Online Marketing, Sales and Advertising
Online gaming, sports marketing, TV advertising, mobile applications, CRM applications, e-commerce and product recommendation, and social media marketing are some of the top ranking industries that have invested the most in acquiring machine learning platforms for their business operations. From churning the data from social media engines to monitoring competitors and their acquisitions to building CRM pipelines using online contacts – the entire online marketing and sales ecosystem has taken to AI and machine learning tools with ease.
Banking, insurance, and credit finance are the pillars of the modern economy. The rise of ML platforms specifically built for the financial services industry has ensured that innovations in this industry remain relevant to the demands of customers and investors. For example, the emergence of mobile wallets, online PoS, digital banking, and cryptocurrencies are all attributed to the data engineering teams that have access to some of the world’s best machine learning development platforms.

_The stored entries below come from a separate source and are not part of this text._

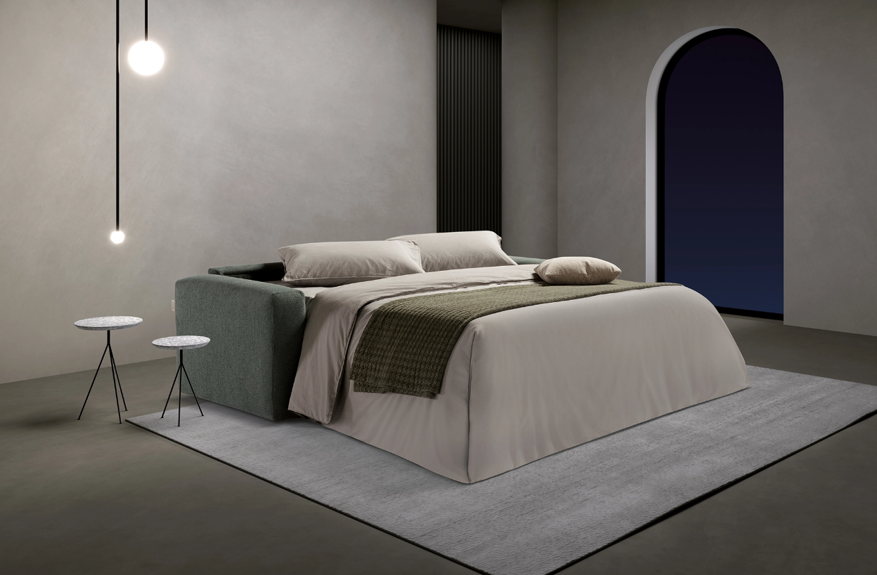 Классика в инновационном дизайне: диван-кровать Square с высоким матрасом толщиной 13 см оснащен раскладным электромеханизмом, который упрощает эксплуатацию и обеспечивает оптимальную практичность и комфорт.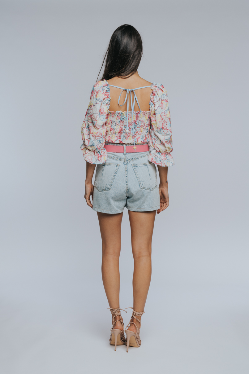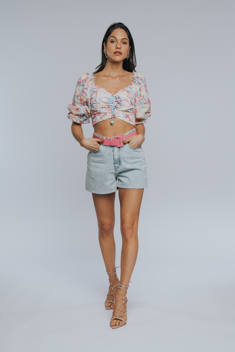 Top cropped com decote em bico. Mangas abaloadas por baixo do cotovelo com efeito folho no seu término. Cós elástico atrás. Pormenor de atilhos contrastantes com borlas.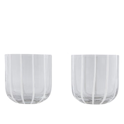 Set an elegant table with these striped tumblers from the Mizu series. Characterized by a graceful and modern expression that fits well into the contemporary home. The glasses are ideal for serving all kinds of drinks. Each glass is unique as it is mouth blown, with handmade details. Comes as a set of two. Capacity 320ml each. Measures H8.2cm x Ø8cm. Dishwasher safe.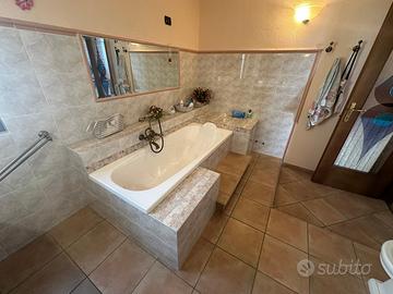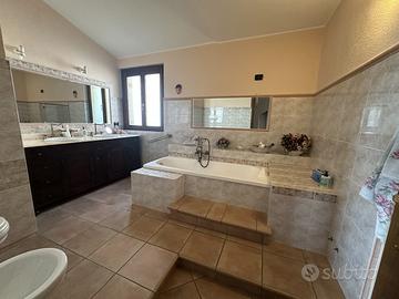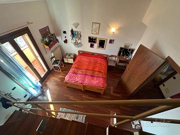 -al piano primo la zona notte, pavimentata in parquet naturale, con camera matrimoniale e bagno en suite, camera doppia con soppalco, camera singola, ampio bagno padronale, tre balconi.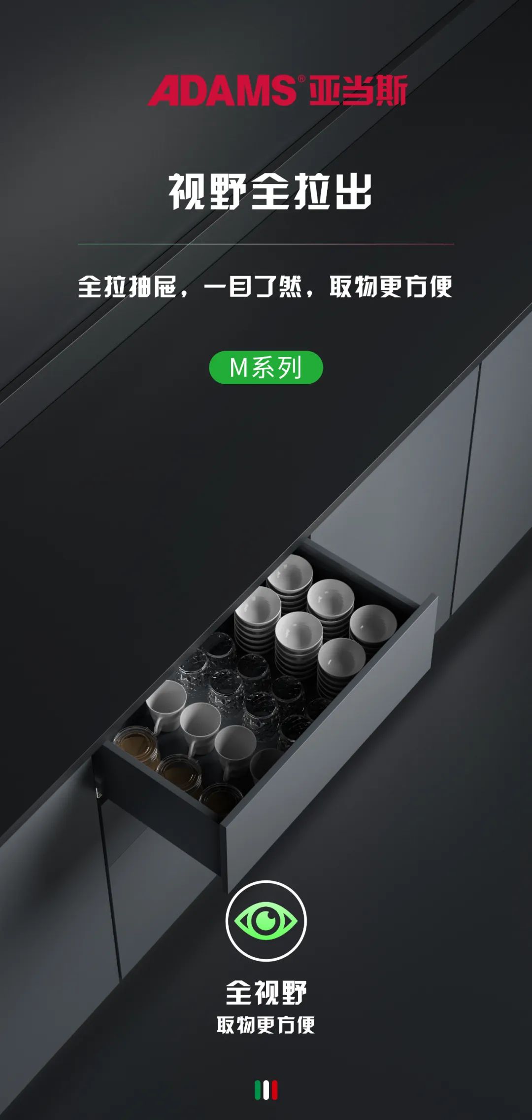 美好生活由此開(kāi)啟,負(fù)重推拉不費(fèi)力,亞當(dāng)斯M系列二節(jié)隱藏軌能承重達(dá)20kg,平穩(wěn)堅(jiān)固。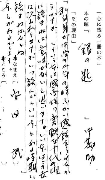 | テキスト:002 **安田 武(大11)評論家 中勘助「銀の匙」(岩波文庫) 『私自身が中学の2年の時ふかい感銘をうけたからですが、こういう本は感受性の柔軟な十代の頃に読まねば意味がないと思います。いい本はこの世に沢山ありますがいつ読んでもいい本とある時期に読まねばならぬ本とがあるでしょう』 |

Healthcare and telemedicine
Medicine, biotechnology, and clinical research groups are using AI to quickly gain access to critical information and historical data to solve complex problems linked with healthcare and drug development. During the COVID-19, the use of ML tools helped healthcare service providers deliver necessary support and medicines, ensuring that vulnerable age groups and sick populations received the best treatment despite challenging pandemic situations. Newer concepts in healthcare such as patient’s electronic record management, telemedicine, drug redevelopment, vaccine engineering, genetic science, and personalized chat / virtual communication have shown the real possibilities of building the hospital infrastructure of the future. In fact, in recent times, we have seen how robotics has helped surgeons perform complex surgeries.
Other leading industries that are utilizing data management and analytics tools for simplifying their business operations include logistics and supply chain management, manufacturing and agriculture, space research, and education.
With the availability of a superior talent pool leading many best in class machine learning projects, it has become easier to forecast what the world would look like tomorrow. Without data, it is impossible to think of a future where, like electricity, access to the internet, and machine learning mean everything.